Au cours de sa période italienne (1924-1935), Escher crée principalement des gravures proches de sa réalité. Ces œuvres sont des dessins, réalisés à la campagne. Les dessins ont ensuite été transformés en gravures dans son atelier. C’est là que la réalité devient art, et que survient la différence entre réalité et art réaliste. Chaque œuvre d’art réaliste est une vision de l’artiste d’une part de réalité. L’œuvre devient sa réalité, qui n’avait alors pas de correspondance exacte avec la réalité du lieu.

Dans les œuvres qu’Escher produit après 1935, la connexion entre perception directe et œuvre d’art se perd. Les constructions créées par Escher, comme Belvédère, Mains dessinant et La chute d’eau peuvent exister dans l’art mais pas dans la réalité. Même si les œuvres font sens dans les détails, Escher peut relier ces divers détails les uns avec les autres de façon subtile, de façon à ce qu’une réalité impossible finisse par voir le jour.

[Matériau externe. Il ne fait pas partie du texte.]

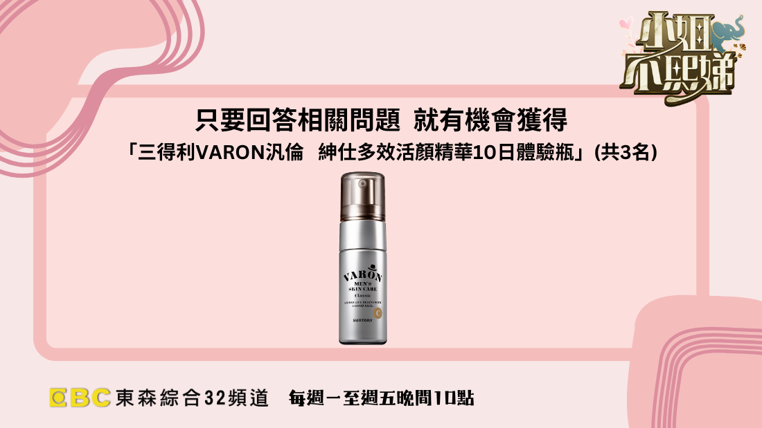快來回答本集節目出題,即有機會獲得三得利VARON汎倫 紳仕多效活顏精華10日體驗瓶(共3名)
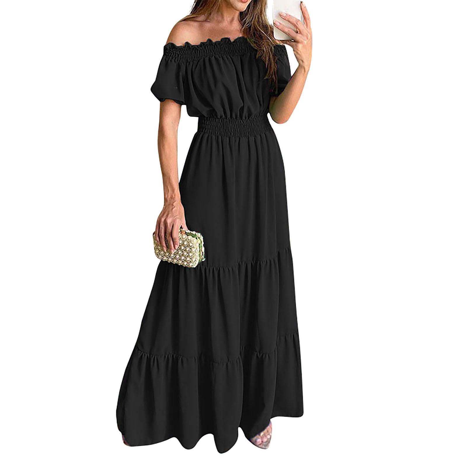 Женские платья, летнее плиссированное платье в стиле бохо, милое струящееся пляжное платье без рукавов, прямое платье-футболка с круглым вырезом XL чёрный

Les remarques d’Escher nous indiquent clairement que sa perception de la nature en Italie – la vraie réalité – et la façon dont il la voit pour ses œuvres ultérieures ne sont pas si éloignées qu’on ne le pense généralement. Escher dit, en 1963 :

« L’élément d’énigme sur lequel il (M.C.E.) souhaite attirer l’attention doit être enveloppé, voilé par un lieu commun, familier de tous, une évidence de tous les jours. Cet environnement réaliste et plausible pour tout observateur superficiel est essentiel pour apporter l’élément de choc désiré ».

À partir de sa vision, Escher emploie des éléments stylistiques qu’il étudie depuis l’Italie, comme la double ligne de perspective, le pavage ou la réflexion unique. Ces œuvres ultérieures comprennent Métamorphose, qui peut également être vue comme un dérivé de pavage, l’idée de mouvement éternel ou de cycle et la quête d’Escher de représenter l’infinité. C’est ainsi qu’émerge graduellement l’autre monde de M.C. Escher dans lequel des choses impossibles semblent être devenues possibles.

Célébrité

En 1951, le magazine professionnel américain The Studio écrit à propos de son travail. Ensuite, les deux magazines internationaux d’intérêt général Time et Life, couvrent l’œuvre d’Escher. Cela crée un véritable engouement en Amérique. Escher reçoit alors, pendant des mois, des demandes de nouvelles gravures. Jour et Nuit connaît un succès remarquable. Escher se plaindra plus tard d’avoir dû en graver plus de 600 copies. En 1961, E.H. Gombrich écrit à propos du travail d’Escher dans le Saturday Evening Post.

Escher expose alors au musée d’art moderne Stedelijk d’Amsterdam (dans le cadre d’une conférence internationale de mathématiques), en Amérique et en Grande-Bretagne. Finalement, la première exposition rétrospective sur les travaux d’Escher a lieu en 1968 au musée du conseil de La Haye, à l’occasion de son 70e anniversaire. M.C. Escher est fait chevalier en 1955 puis il reçoit, en 1965, la récompense de la culture de la ville d’Hilversum, avant de recevoir un honneur royal en 1967.

Mort

La santé de M.C. Escher n’a jamais été bonne et ce depuis son enfance. Ses dernières années sont marquées par deux opérations sérieuses à l’hôpital. Escher réalise sa dernière xylographie en 1969 : Serpents. Après cela, il continue à imprimer d’anciennes œuvres, mais il n’en crée pas de nouvelles.
M.C. Escher meurt le 27 mars 1972 à l’hôpital Diakonessehuis d’Hilversum.